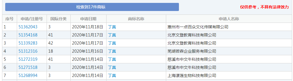 据商标局网站查询得知,自11月以来,“丁真”商标已被多家公司抢注,包括惠州市一点百众文化传媒有限公司、北京文登教育科技有限公司、芜湖若森企业服务有限公司等,类别涉及日化用品、教育娱乐、网站服务等,目前这7件“丁真”商标均处于等待受理阶段。其中,最早一件“丁真”商标的申请时间为11月14日,与丁真蹿红网络的时间基本一致。
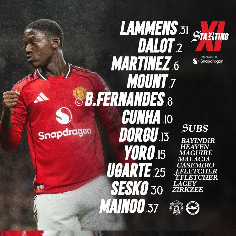 🚨🚨🏆• تشكيلة الفريقين الرسمية [مانشستر يونايتد × برايتون].
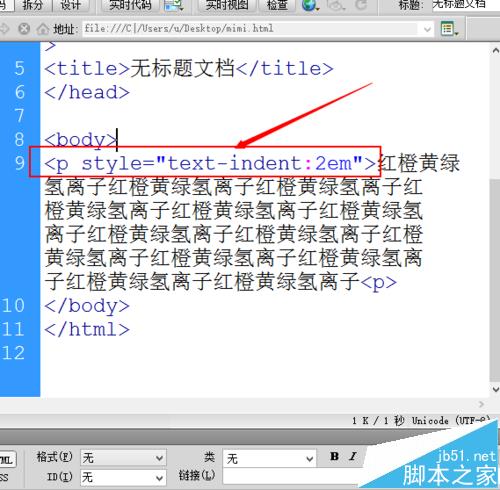 3、然后我們在<p></p>標簽里面添加(style=“text-indent:2em"),注意,要在英文狀態下輸入。
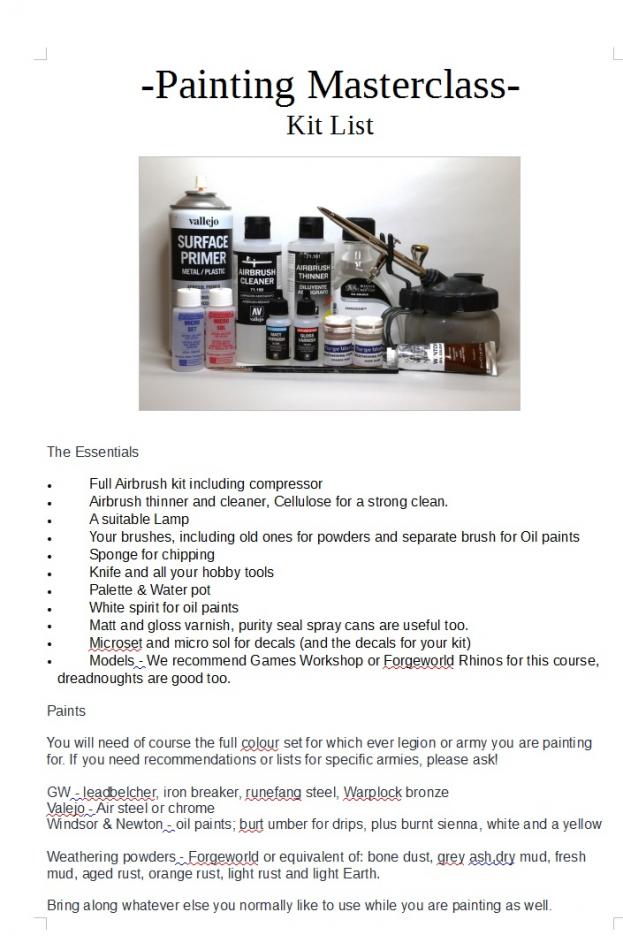 The course will be tailored to everyone's needs by telling you which materials and products you need to bring along to paint a model from your army. All you need to do is e mail us at
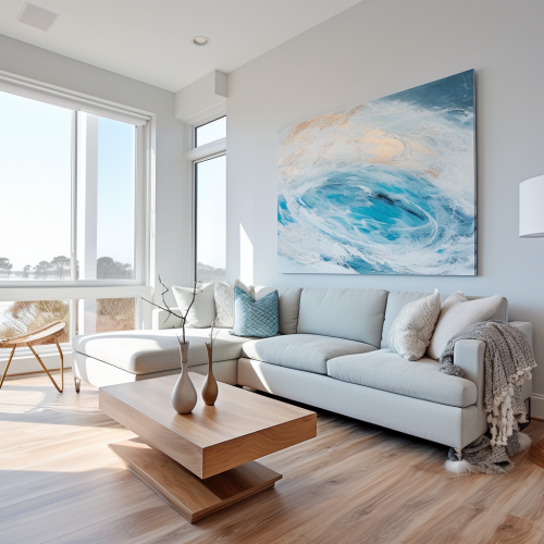 realistic centered photo from inside of a beach house looking out over the sand and shimmering ocean with the california coastline in the distance on a beautiful sunny day with golden sunlight at 24mm, 50 megapixels, DPI 300, --ar 9:20 --s 750 --v 6.0 --style raw
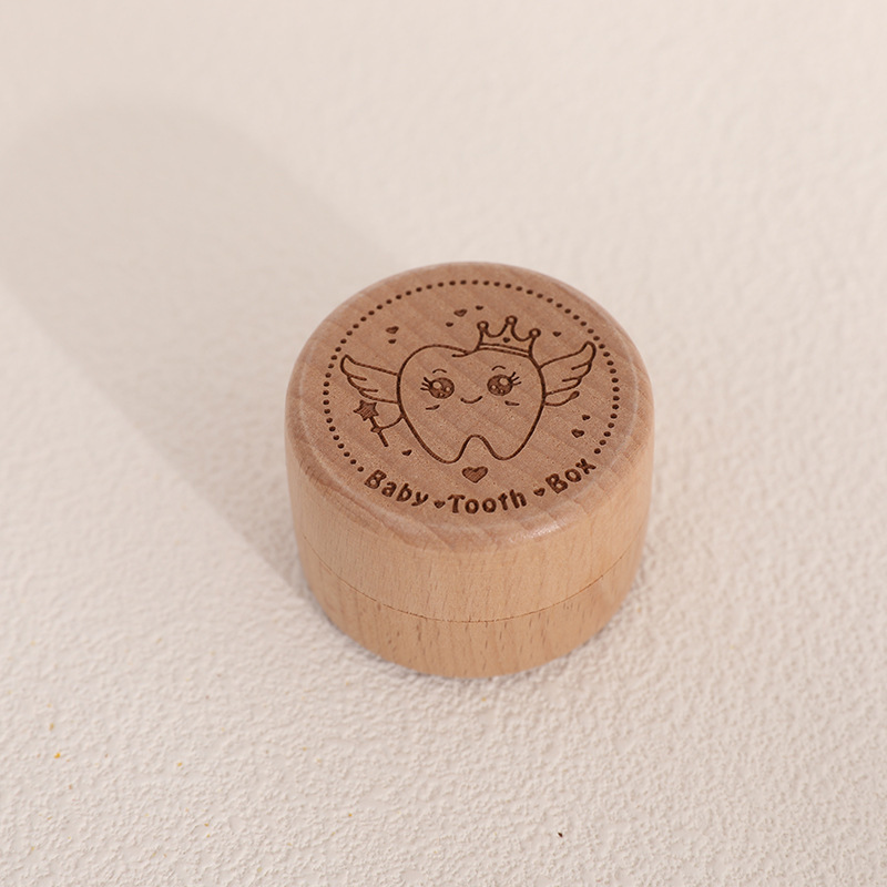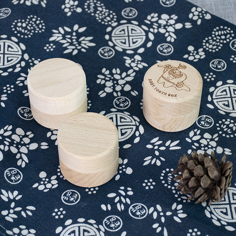Деревянная шкатулка для детских молочных зубов из бука, коробка для хранения зубов, для сбора волос плода, с круглой крышкой на защелке, подарочная коробка для малыша, трансграничная торговля
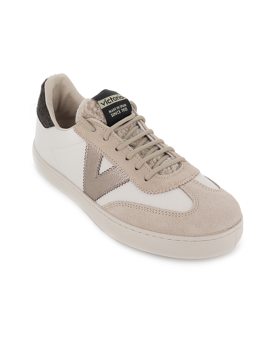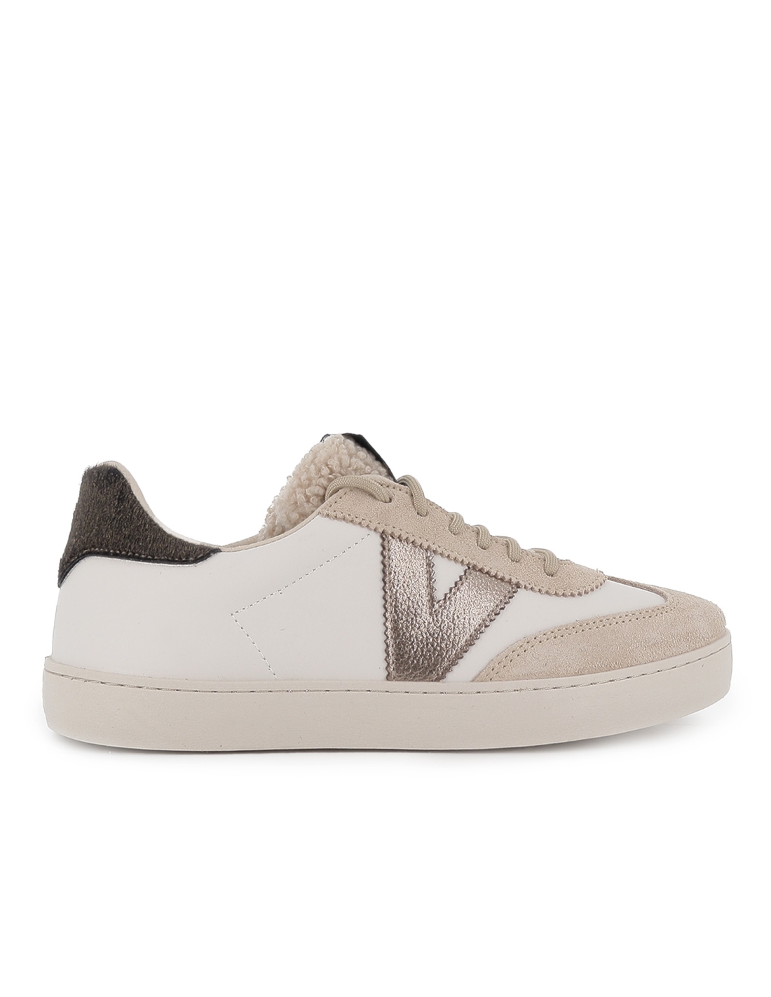 Deportiva piel y serraje solapa borreguito piel potro mujer beig. Deportiva de estilo ciclista fabricado en piel y serraje con talon de piel potro y diseño de solapa borreguito. Suela plana y detalle logo lateral. Cierre mediante cordones. Unas zapatillas facilmente combinables y perfectas para uso diario. VICTORIA es una marca de calzado española que comenzó en 1915 en una pequeña localidad riojana con un zapato de lona que hoy en dia es un emblema del calzado en España. ¿Quien no ha llevado unas Victoria? Mas de 100 años en el mercado del zapato creando modelos que te acompañan en tu vida diaria.
──────────
**YOUR TASK:** What is needed is an exact copy of the lines from the beginning of the data through the line containing "Деревянная шкатулка для", both included, without any pictures.

**SOLUTION FOR THIS TASK:**
 据商标局网站查询得知,自11月以来,“丁真”商标已被多家公司抢注,包括惠州市一点百众文化传媒有限公司、北京文登教育科技有限公司、芜湖若森企业服务有限公司等,类别涉及日化用品、教育娱乐、网站服务等,目前这7件“丁真”商标均处于等待受理阶段。其中,最早一件“丁真”商标的申请时间为11月14日,与丁真蹿红网络的时间基本一致。
 🚨🚨🏆• تشكيلة الفريقين الرسمية [مانشستر يونايتد × برايتون].
 3、然后我們在<p></p>標簽里面添加(style=“text-indent:2em"),注意,要在英文狀態下輸入。
 The course will be tailored to everyone's needs by telling you which materials and products you need to bring along to paint a model from your army. All you need to do is e mail us at
 realistic centered photo from inside of a beach house looking out over the sand and shimmering ocean with the california coastline in the distance on a beautiful sunny day with golden sunlight at 24mm, 50 megapixels, DPI 300, --ar 9:20 --s 750 --v 6.0 --style raw
Деревянная шкатулка для детских молочных зубов из бука, коробка для хранения зубов, для сбора волос плода, с круглой крышкой на защелке, подарочная коробка для малыша, трансграничная торговля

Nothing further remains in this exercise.